An ugly darkening of the sides of the picture was visible at levels below 30% referenced to 45 fL peak light output with a 2.25 power law gamma. It was slightly noticeable around 25-30%, and gradually became very obvious at 5% and near black. Dark picture content simply faded out within a few inches of each side of the screen. I have done one other 65" OLED and many 55" OLEDs, and I have not seen this flaw to nearly this extent before. The problem was distressingly obvious with darker program material once it was noticed for the first time. Although calibration did not have any direct control over the dark edges, reducing light output to common home theater levels meant that more picture content fell below the point where the edges started getting dark, meaning the flaw was even more noticeable. The 65EG9600 exhibited good uniformity above 30%, though the right side had a visibly slightly warmer white balance with patterns. A photo illustrating the problem is attached.

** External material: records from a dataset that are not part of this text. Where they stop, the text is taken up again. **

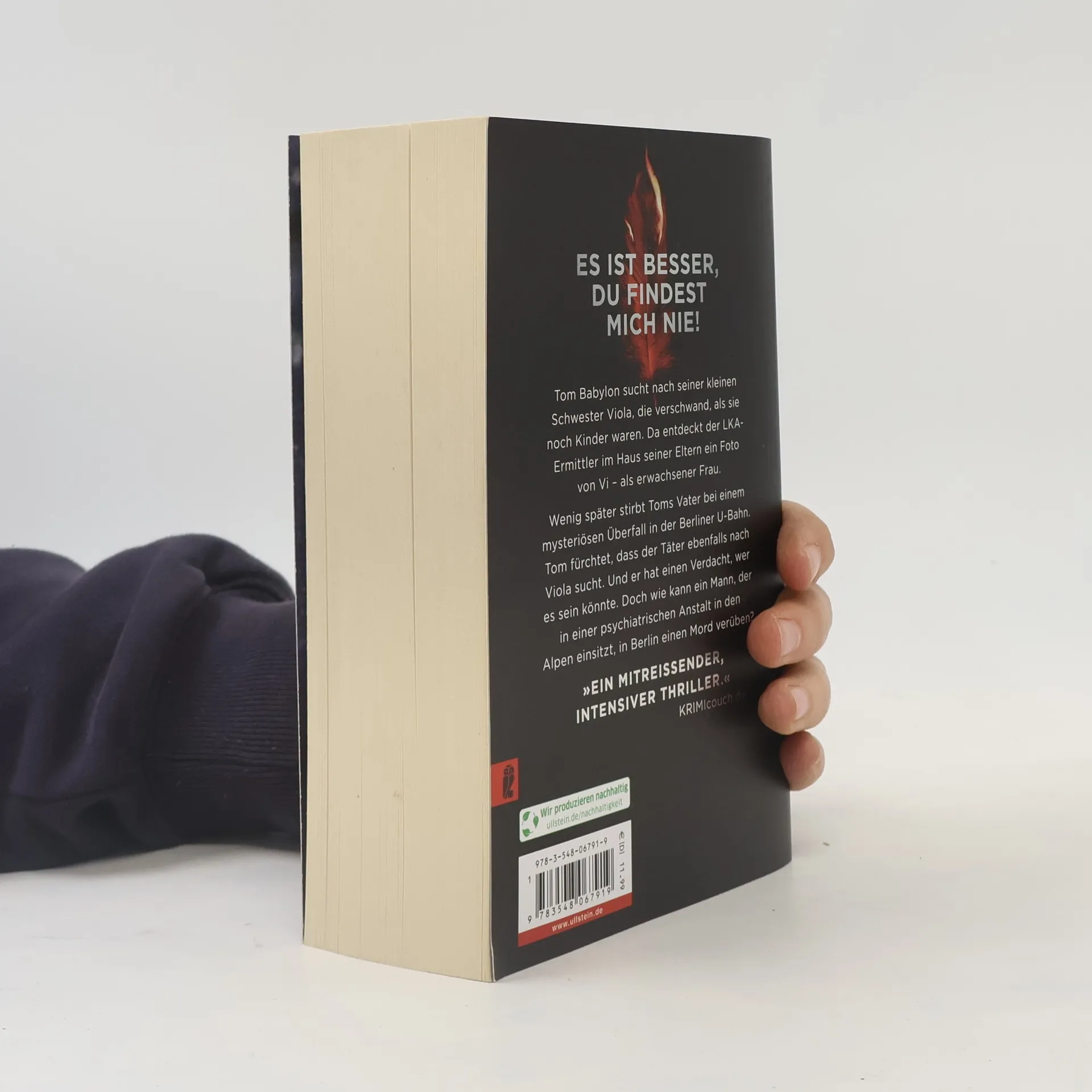 Es ist besser, du findest mich nie LKA-Ermittler Tom Babylon ist wie elektrisiert. Seit vielen Jahren sucht er nach seiner kleinen Schwester Vi. Und plötzlich gibt es einen Hinweis: Ein Foto von Viola als erwachsene Frau, das er im Keller seines Elternhauses findet. Wenig später kommt Toms Vater bei einem mysteriösen Überfall in der Berliner U-Bahn ums Leben. Tom fürchtet, auch der Täter ist auf der Suche nach Viola. Und er hat einen Verdacht, wer es sein könnte: sein früherer Mentor Dr. Walter Bruckmann, der geschworen hat, ihm das Leben zur Hölle zu machen. Doch wie kann ein Mann, der seit seiner Verurteilung in einer psychiatrischen Anstalt in den Alpen einsitzt, in Berlin einen Mord verüben? »Ohne Zweifel ist Marc Raabe einer der besten Thriller-Autoren Deutschlands. Die Tom-Babylon-Reihe hat längst Kultstatus erreicht. Wer den Autor noch nicht kennt, sollte dies schnell ändern. „Violas Versteck“ ist ein mitreißender, intensiver Thriller, der den krönenden Abschluss der packenden Reihe um Tom Babylon und Sita Johanns darstellt.« KRIMIcouch. de Marc Raabe enführt Sie in diesem Thriller in ein packendes Kopfkino. Band 4 der Tom Babylon-Serie. Verpassen Sie nicht Band 1 bis 3!
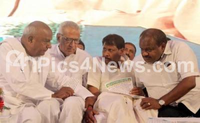 Event Description : Former Prime Minister HD Devegowda seen with HD Kumarswamy, Former Minister Alkod Hanumanthappa, Ismail Saab, Former MLC and others inaugurating the JDS Sangatana Samavesha at Palace ground, in Bengaluru on Saturday 19th March 2016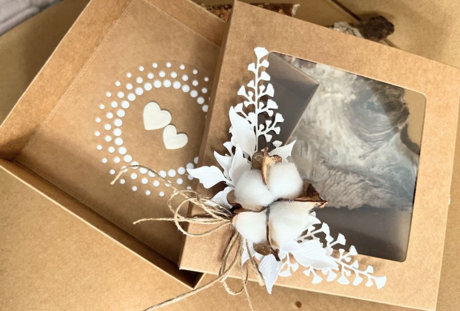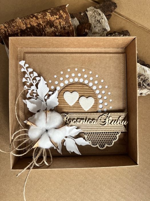 Kartka z okazji rocznicy ślubu. Wykonana ręcznie z niezwykłą starannością i dbałością o każdy detal. Na bazie z papieru kraftowego, w naturalnej kremowo - brązowej kolorystyce. z naturalną kwiatową kompozycją kwiatu bawełny. piękną ażurową bazą. Rozmiar ok 14,0 x 14,0 cm. Wewnątrz kartki znajduje się karnet na życzenia oraz kieszonka na małe co nieco. W komplecie pudełko z papieru kraftowego (rozmiar 15,5 x 15,5 cm) ozdobione tak jak kartka..W tej postaci komplet dostępny od ręki.

I viewed a mixture of familiar Blu Ray and 4K Netflix material along with varied DirecTV content in a dark room with a calibrated D65 IdealLume backlight behind the display. The receiver and Darbee were set to pass through video unaltered.
With the things this display does well, there's nothing better: the final round of viewing produced more pop, dimension, and definition than I could ever have hoped for. The compression of bright highlights was eliminated, and motion and depth were both outstanding. Shadow detail came out of black naturally and seemed very well balanced. The image had a very photo realistic quality that is unmatched by any other display technology I've seen. Bright colors and skin tones were stunning; and though the color in general was beautiful, some darker shades, including the DirecTV program guide, were not rendered as accurately.
The dark edges were not visible most of the time, though at times they caught my attention. It did not destroy my enjoyment of the movie, but to someone who knows it’s there and is half looking for it, it can be a huge disappointment. They are most noticeable in dark movie scenes rather than in sports or sitcoms. They were also visible on the DirecTV program guide. I sincerely hope LG addresses this issue, but until they do, be warned: the 65EG9600 is beautiful but flawed.